One could argue that yet another scientifically grounded argument in favor of monogenism comes from Niels Eldredge and Stephen Jay Gould’s theory of punctuated equilibrium (Eldredge and Gould 1972). However, geologically rapid events of branching speciation (cladogenesis) that brake long periods of little morphological change (stasis)—assumed by this theory—are still considerably extended in time, which might not support all presuppositions of the monogenetic scenario of anthropogenesis.
13
The theological argument in question is often grounded in Aquinas who states that “God’s immediate provision over everything does not exclude the action of secondary causes; which are the executors of His order” (Aquinas 1946, ST I, 22, 3, ad 2) and adds that “[God] governs things inferior by superior, not on account of any defect in His power, but by reason of the abundance of His goodness; so that the dignity of causality is imparted even to creatures” (Aquinas 1946, ST I, 22, 3, co.). See also (Aquinas 1946, ST I, 19, 6, ad 3; I, 19, 8, co.; I, 23, 5, co.; I, 105, 5, ad 2; I-II, 10, 4, ad 2; Gilson 1956, pp. 176, 182–84; te Velde 1995, pp. 170–75).
14
The contemporary version of monogenism discussed in this and the following section offers a possible logical explanation which requires further development, critical evaluation, and confirmation coming from natural science.
15
Similar to Kemp’s is the view shared by Flaman (2016, pp. 573–5) and Austriaco (2016, pp. 171–75). Other positions that support various versions of monogenism within broader polygenetic framework are discussed in Flaman 2016.
16
It is important to remember that Alexander seems to speak about the last step of an evolutionary transition, which might include only one mutation while being preceded by numerous genetic changes at the former stages of the same process. The question concerning the number of mutations necessary for speciation is continually debated. On the one extreme we find those who claim that even one mutation can be sufficient (see, e.g., Orr 1991, pp. 764–69). A more prevalent view suggests that speciation in more complex plants and animals involves differentiation across many genetic regions (see, e.g., Nosil et al. 2021, pp. 777–79).
17
Benedict Ashley proposes a similar hypothesis. He claims that “In current evolutionary theory, it is not individuals but populations which evolve from one species to another” and considers truly human intelligence to be a unitary, “all or none”, trait. He speculates about how this could have come into a population by a mutation in a subhuman individual who then had a child that was the first human being. This human interbred with other members of the population, producing more human children. Ashley speculates that “the origin of that final genetic trait responsible to produce a human brain capable of functioning at the human level depended on the mutation of one dominant gene that occurred in the germ-cells of a primate ancestor, which was not itself human but which then bred with another primate of its own kind to produce a male and female child who were genotypically the first human beings having fully human brains, and who by interbreeding became the ancestors of the entire human race. Either this or the former explanation is consistent with the interpretation of Genesis which is not concerned with the exact way in which the human species came into existence and began as a single interbreeding and intercommunicating species to have a history determined by a primordial act of human choice [i.e., original sin]” (Ashley 1985, p. 377). Flaman classifies Ashley’s position as punctiliar monogenism occurring within a gradual polygenism.
18
Note that Kemp departs not only from Alexander, but also from Muller who claimed that most likely “biological” and, certainly, “philosophical humans” (to use Kemp’s categories) would already have had human souls, yet not elevated by the gift of the sanctifying grace (which would leave them in the state of mortality). In Kemp’s account, “truly” human, i.e., immortal souls, are created and bestowed on selected hominins.
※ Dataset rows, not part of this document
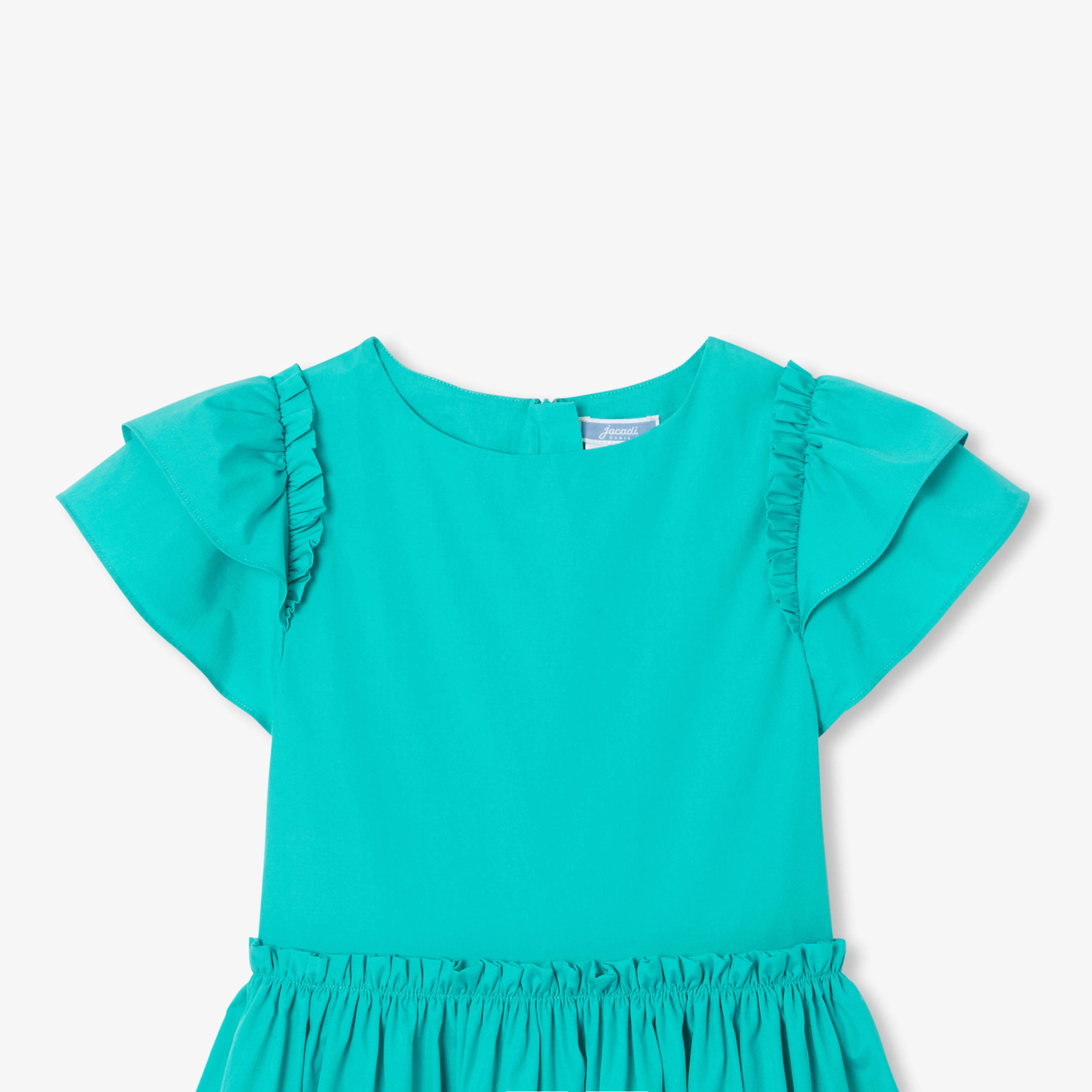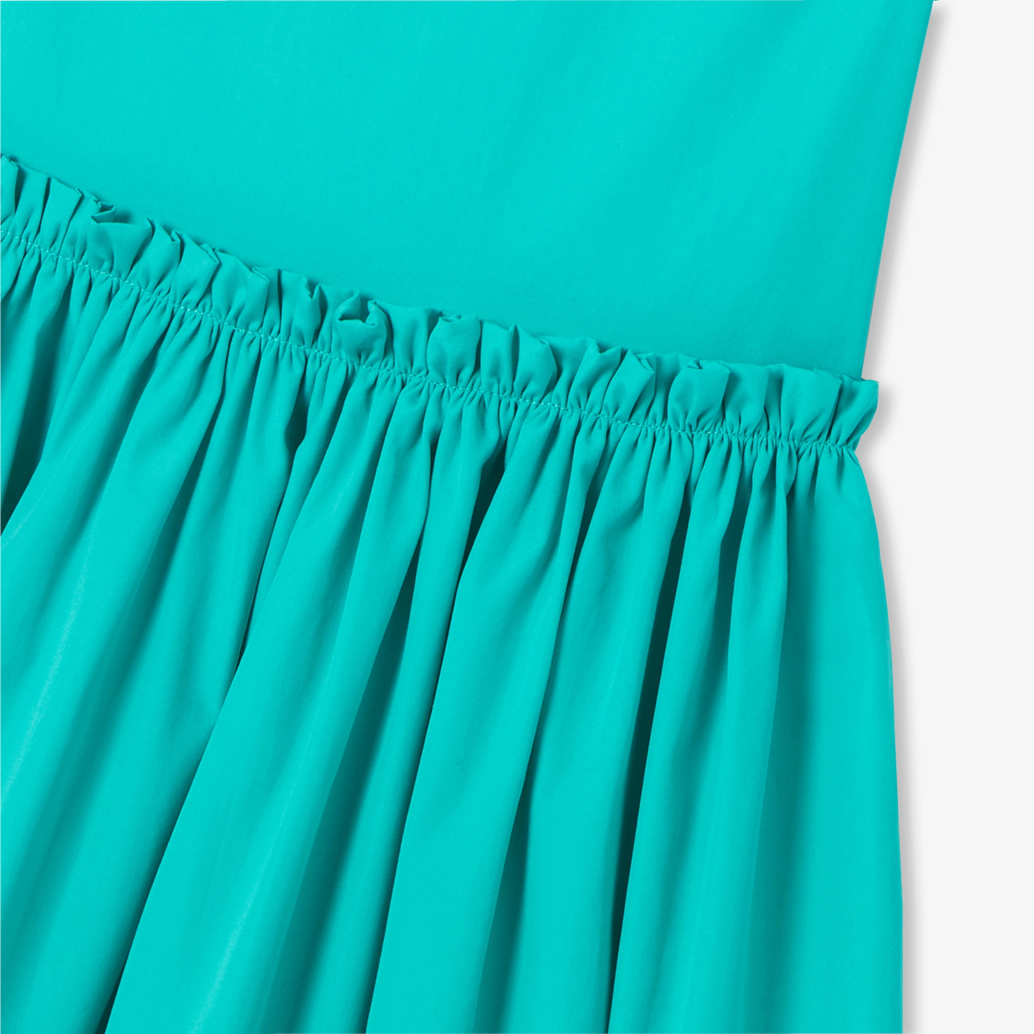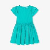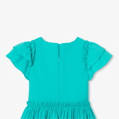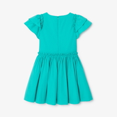 L'abito bambina di questa primavera è ricco di dettagli grafici. In popeline di cotone e colorato di un verde smeraldo profondo, maniche con volant e dettagli arricciati offrono un tocco di stile a questo capo romantico perfetto per la bella stagione.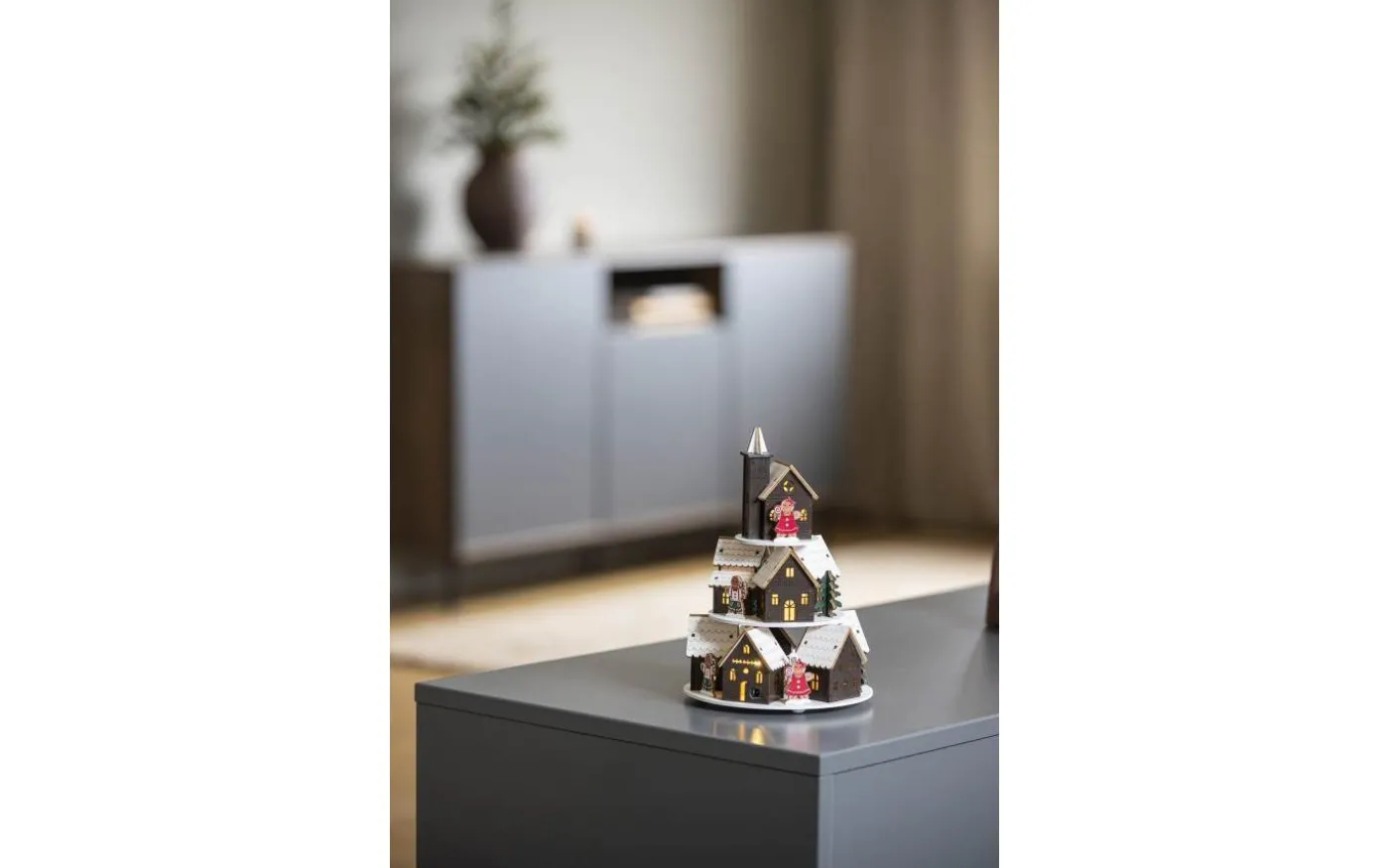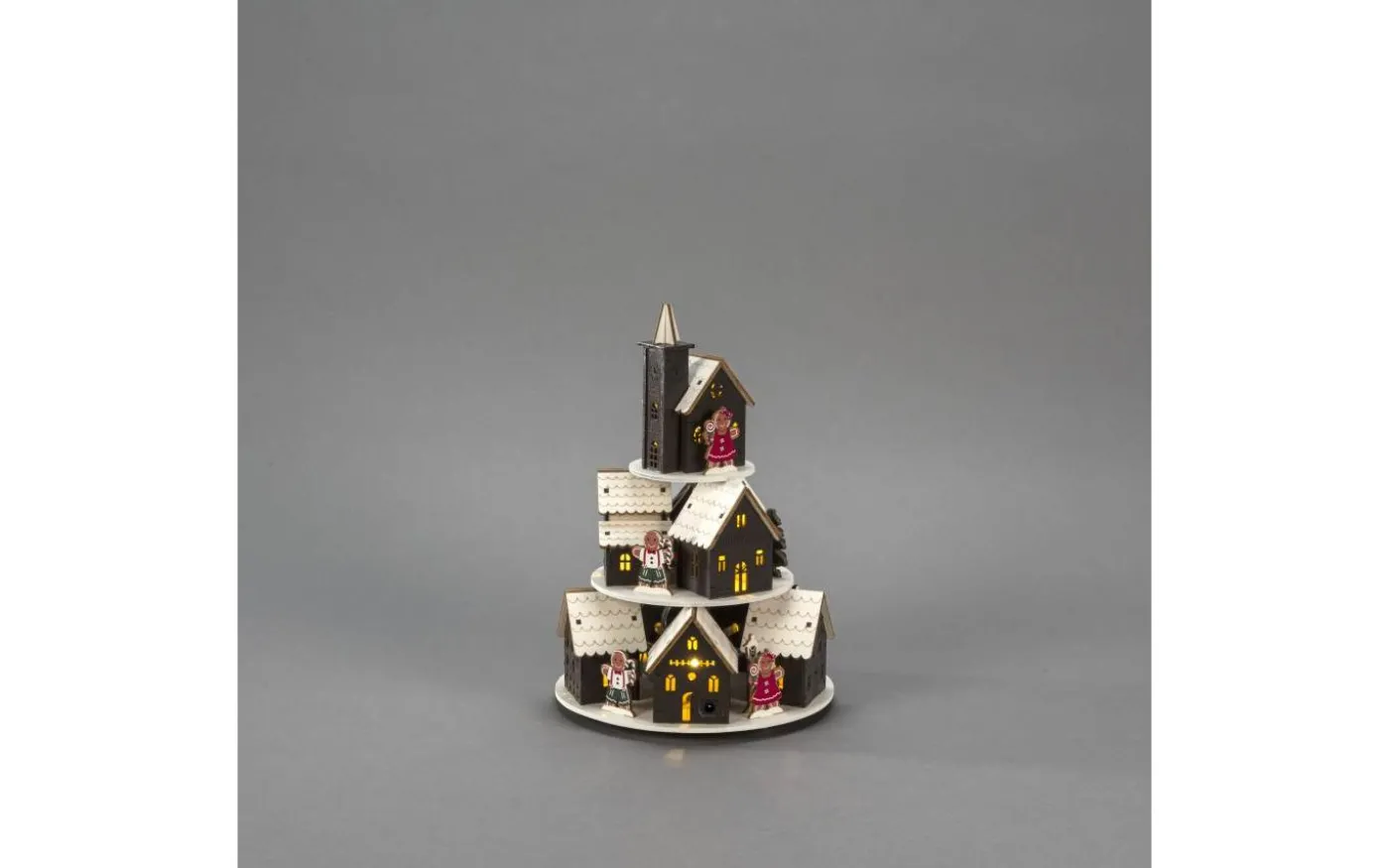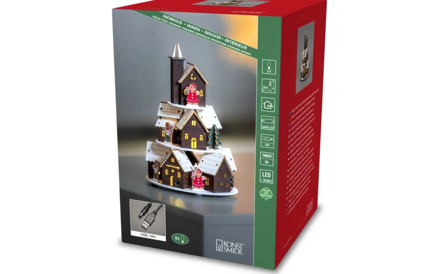 Sprid julstämning med denna charmiga julby! Med pepparkakshus, små pepparkaksgubbar och en vackert vintrig miljö fångar den känslan av en klassisk jul i miniatyr. De detaljrika figurerna i träsiluett skapar en varm och inbjudande atmosfär. Tack vare den praktiska 6‑timmars timern samt möjligheten till batteridrift eller USB‑anslutning, kan du enkelt placera den precis där du vill.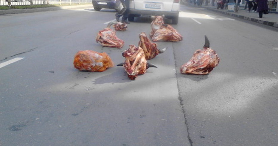 Жестока гледка стресира минувачате на една от най-оживените пешеходни пътеки в центъра на Варна. Няколко отрязани и одрани телешки глави се търкулнаха на платното на бул. „Осми Приморски полк“ пред очите им днес по обед. За кървавата гледка е виновен бус, чиято задна врата се отворила в движение. Товарът изпаднал от каросерията, но за щастие инцидентът бил забелязан бързо. Водачът на буса бързо събра стоката, информира наш читател, който засне случилото се. За щастие, разсипаните животински глави не са предизвикали паника на пътя и катастрофа.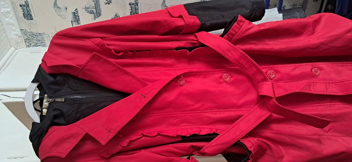 Продаётся женский яркий плащ в хорошем состоянии. Яркий красный цвет с чёрными рукавами. Размер 52, хорошо родойдёт на р. 50-52.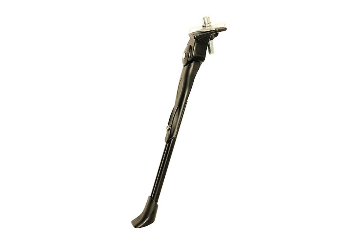 Se monta de forma central, junto a la caja de pedalier, lo que proporciona un punto de apoyo estable que ayuda a mantener la bici en equilibrio al aparcar. La pata ajustable cubre un rango muy amplio, desde ruedas de 16" hasta 700C, por lo que es adecuada tanto para bicicletas infantiles y juveniles como para bicis urbanas y de trekking de adulto.

Matthew Ramage notes that Kemp’s position finds support in the thought of young Ratzinger who had already stated in 1964 that “[E]ven if it is highly probable that hominization occurred within a biological population in a polygenic manner, it is possible that the brilliant flash of transcendence occurred for the first time in one or two individuals. Biological polygenism and theological monogenism are therefore not necessarily mutually exclusive antitheses, because the level of their questions does not fully coincide. ... [I]t is clear that biological polygenism is largely a theologically neutral theme because it does not overlap directly with the theological poly- or monogenism” (Ratzinger 1964, p. 194; quotation after Ramage 2022, pp. 190–91, note 76).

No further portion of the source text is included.